- [Aim of the exercise]:
An exact reproduction of the listing, minus the pictures, is the required output.

- [Collected material]:
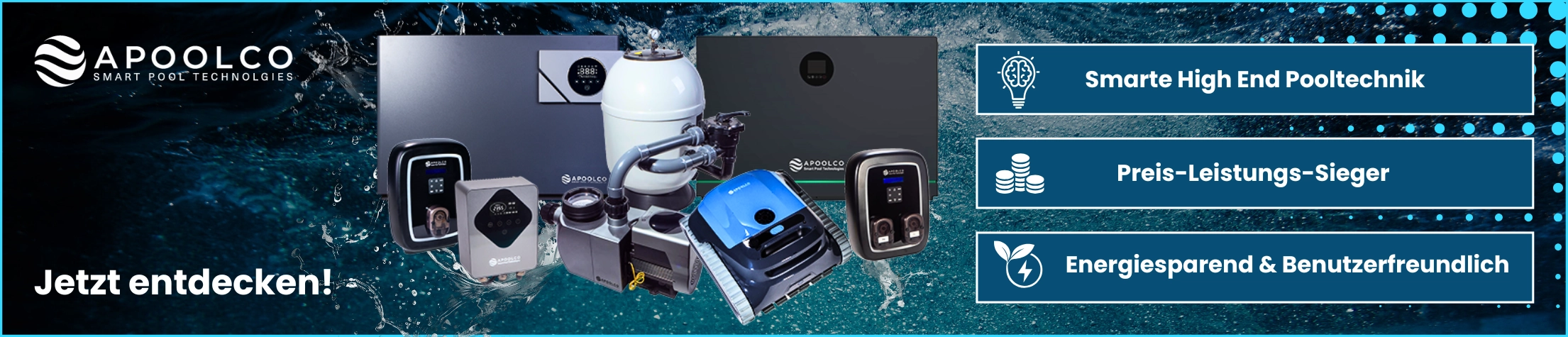 Verlassen Sie sich auf die Smarte Pooltechnik von Apoolco und machen Sie Ihren Pool smarter, nachhaltiger und komfortabler. Genießen Sie Ihre freie Zeit, während unsere Technologie für Sie arbeitet. Jetzt im Apoolco Online Shop bestellen!
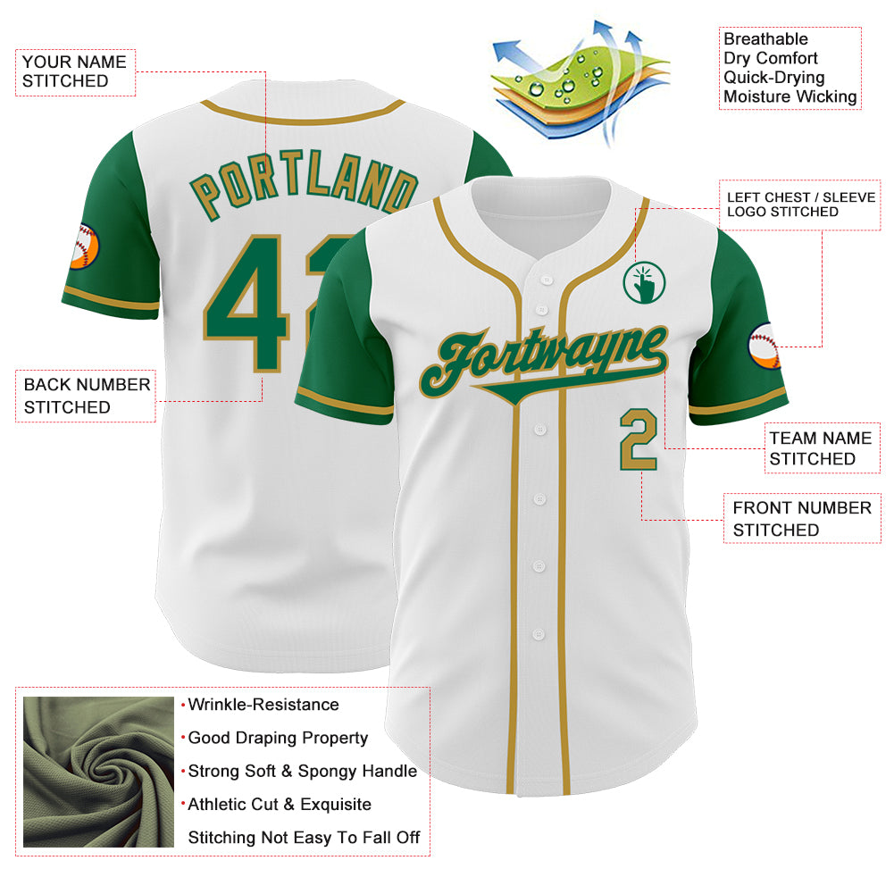 Custom White Kelly Green-Old Gold Authentic Two Tone Baseball Jersey
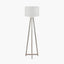 Simply stylish, the Whitby Floor Lamp has four tapered wooden legs and an elegant criss cross detail at the base. The slender profile and neutral washed grey wood is a match for most decor. The floor lamp base looks fabulous with the modern white linen self-lined shade. The open weave fabric of the white lamp shade allows the light to shine through and produces a soft, ambient glow throughout your interior.
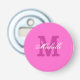 Personalized pink monogram name magnetic beer bottle opener. Personalize with your name and initial letter. Elegant script text. Handy for home or party.

- [Response to the task]:
 Verlassen Sie sich auf die Smarte Pooltechnik von Apoolco und machen Sie Ihren Pool smarter, nachhaltiger und komfortabler. Genießen Sie Ihre freie Zeit, während unsere Technologie für Sie arbeitet. Jetzt im Apoolco Online Shop bestellen!
 Custom White Kelly Green-Old Gold Authentic Two Tone Baseball Jersey
 Simply stylish, the Whitby Floor Lamp has four tapered wooden legs and an elegant criss cross detail at the base. The slender profile and neutral washed grey wood is a match for most decor. The floor lamp base looks fabulous with the modern white linen self-lined shade. The open weave fabric of the white lamp shade allows the light to shine through and produces a soft, ambient glow throughout your interior.
 Personalized pink monogram name magnetic beer bottle opener. Personalize with your name and initial letter. Elegant script text. Handy for home or party.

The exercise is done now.